I have been thinking a lot about Chico Mendes lately. I have noticed that he is sleeping a lot. Mind you, he was never “active” unless you count actively seeking a lap as a viable measure.
Lately he has been super quiet and just sleeping a lot. Deep sleep. Right now he is curled up behind my leg and I hear deep breaths coming out of him. I want to take him in my arms and cuddle him. Tell him I’m sorry I haven’t been paying him much attention. In like 2 and a half years.
I want to curl up with him and do nothing on the couch. But, there’s just no time. The frog princess loves him but he prefers the back of my legs to her open arms. This could possibly be because she takes great enjoyment in chasing him around the house with the lawnmower that has balls in it. You know the one I’m talking about. It’s loud and obnoxious even to me. I can imagine he thinks it’s the end of the world that’s chasing him. I try to tell her that he doesn’t like that and when he asks to be let outside, I gently try to explain that he doesn’t want to be friends right at the moment.
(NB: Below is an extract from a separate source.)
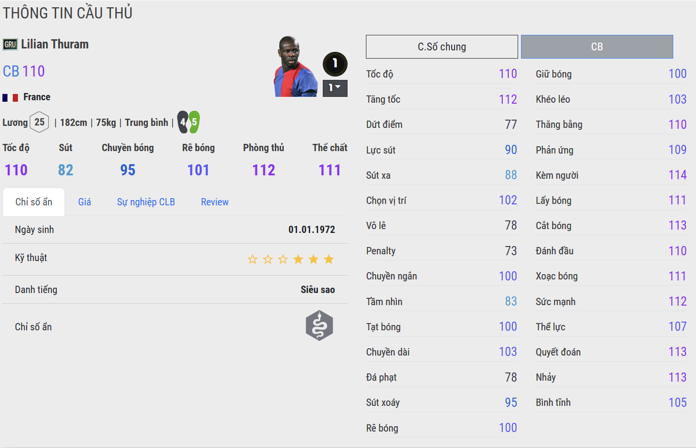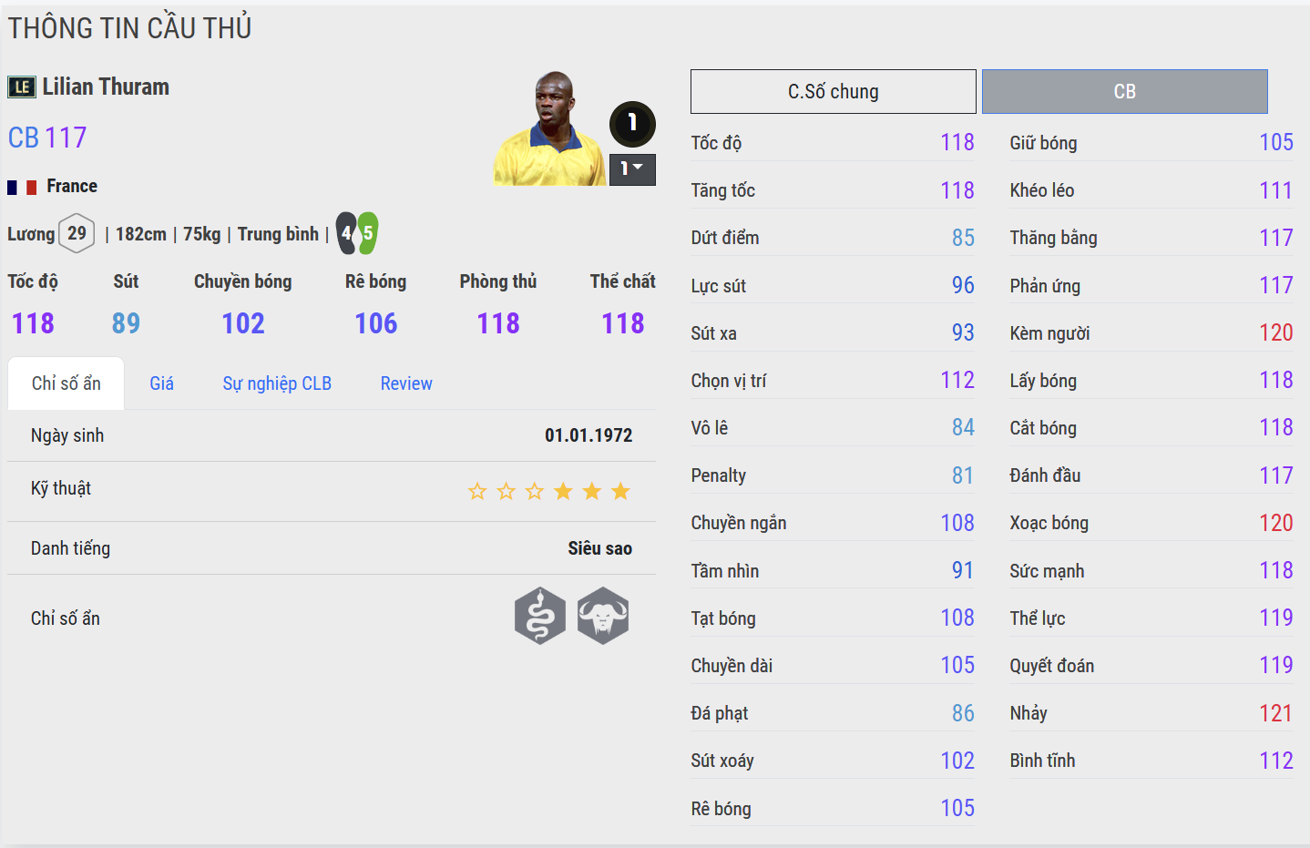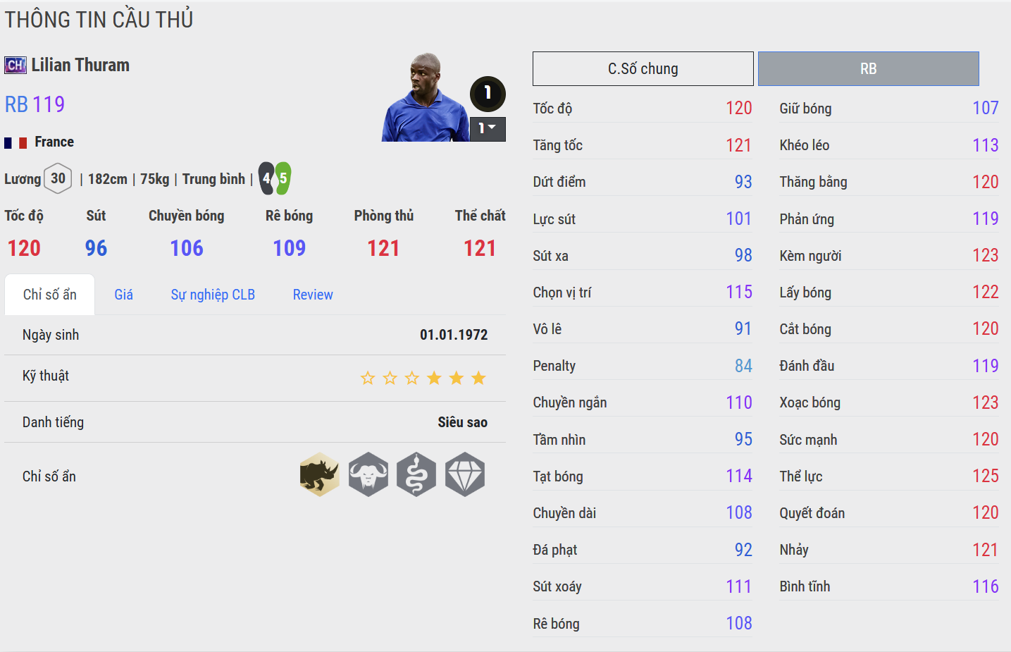 Lilian Thuram là một trong những hậu vệ vĩ đại nhất lịch sử bóng đá Pháp, biểu tượng của sự bền bỉ, đẳng cấp và tư duy phòng ngự đầy tinh tế. Ông được biết đến như mẫu cầu thủ mạnh mẽ nhưng cực kỳ thông minh, đọc tình huống sắc bén và luôn giữ được sự bình tĩnh trong những thời khắc áp lực nhất.

But even then, he licks her legs when she’s been out of the house and she is fearless when it comes to dogs, thanks to him.
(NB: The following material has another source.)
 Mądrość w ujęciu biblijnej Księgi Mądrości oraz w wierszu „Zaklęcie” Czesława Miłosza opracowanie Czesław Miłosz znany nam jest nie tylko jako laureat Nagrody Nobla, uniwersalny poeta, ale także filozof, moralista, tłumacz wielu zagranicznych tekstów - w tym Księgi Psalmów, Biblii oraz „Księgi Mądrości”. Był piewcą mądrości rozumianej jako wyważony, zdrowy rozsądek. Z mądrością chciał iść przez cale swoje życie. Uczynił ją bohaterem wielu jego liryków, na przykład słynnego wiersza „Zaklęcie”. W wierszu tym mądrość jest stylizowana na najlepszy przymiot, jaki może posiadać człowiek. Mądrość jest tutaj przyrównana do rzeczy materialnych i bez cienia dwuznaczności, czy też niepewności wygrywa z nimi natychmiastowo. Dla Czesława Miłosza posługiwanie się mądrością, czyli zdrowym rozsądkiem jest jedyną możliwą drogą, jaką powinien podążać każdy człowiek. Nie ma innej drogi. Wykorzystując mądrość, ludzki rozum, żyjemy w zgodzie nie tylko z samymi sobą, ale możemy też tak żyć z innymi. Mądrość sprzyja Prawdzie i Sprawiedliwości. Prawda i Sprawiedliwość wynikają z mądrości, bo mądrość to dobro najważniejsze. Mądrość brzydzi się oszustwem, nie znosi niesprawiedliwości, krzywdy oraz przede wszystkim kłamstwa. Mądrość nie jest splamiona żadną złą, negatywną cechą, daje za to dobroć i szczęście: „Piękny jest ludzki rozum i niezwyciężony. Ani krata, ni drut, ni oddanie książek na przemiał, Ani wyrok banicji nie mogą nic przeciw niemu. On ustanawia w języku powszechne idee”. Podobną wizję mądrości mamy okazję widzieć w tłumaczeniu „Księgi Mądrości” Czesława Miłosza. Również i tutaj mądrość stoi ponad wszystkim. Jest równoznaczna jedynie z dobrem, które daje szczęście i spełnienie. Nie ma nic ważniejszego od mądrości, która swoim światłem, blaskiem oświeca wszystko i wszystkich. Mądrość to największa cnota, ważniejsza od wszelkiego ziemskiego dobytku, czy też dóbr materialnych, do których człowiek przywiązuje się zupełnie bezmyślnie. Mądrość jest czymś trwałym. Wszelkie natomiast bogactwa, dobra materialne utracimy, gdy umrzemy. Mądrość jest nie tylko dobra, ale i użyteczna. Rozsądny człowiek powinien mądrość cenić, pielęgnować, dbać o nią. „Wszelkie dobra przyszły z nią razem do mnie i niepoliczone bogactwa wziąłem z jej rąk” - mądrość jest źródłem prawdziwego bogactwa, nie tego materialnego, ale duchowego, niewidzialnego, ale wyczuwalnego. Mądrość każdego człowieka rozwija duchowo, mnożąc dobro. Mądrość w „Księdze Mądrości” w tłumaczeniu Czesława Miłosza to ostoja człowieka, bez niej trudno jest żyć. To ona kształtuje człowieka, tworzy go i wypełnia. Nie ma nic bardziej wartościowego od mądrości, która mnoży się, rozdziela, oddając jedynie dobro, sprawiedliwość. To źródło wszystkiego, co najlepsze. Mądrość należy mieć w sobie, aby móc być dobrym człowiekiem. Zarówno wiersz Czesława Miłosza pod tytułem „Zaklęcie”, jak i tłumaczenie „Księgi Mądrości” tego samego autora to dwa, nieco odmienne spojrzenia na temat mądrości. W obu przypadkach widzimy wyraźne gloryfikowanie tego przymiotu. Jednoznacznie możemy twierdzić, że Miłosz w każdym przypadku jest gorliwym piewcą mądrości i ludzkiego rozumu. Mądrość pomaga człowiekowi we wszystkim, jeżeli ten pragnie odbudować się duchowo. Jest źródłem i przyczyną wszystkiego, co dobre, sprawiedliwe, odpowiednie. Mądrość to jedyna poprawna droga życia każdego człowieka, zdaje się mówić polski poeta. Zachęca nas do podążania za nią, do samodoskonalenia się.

He is not sick but I’m already dreading when he gets too old. Thinking back to Sheba, my shih tzu. I had to put her down in November of ’08 because she had cancer. I’d had her since college. Chico came to me 24 hours after my grandma passed away 7 years ago. He helped me through that period and I can’t help but feel bad that motherhood changed my relationship with him. After all, wasn’t he my first baby boy?
And so, I sit here breaking my own rules. He came seeking love which he doesn’t do often anymore and I let him up on the couch. Like the good old days. Before a human baby filled the belly that he used to lie on and life got complicated for the dog that is so loved.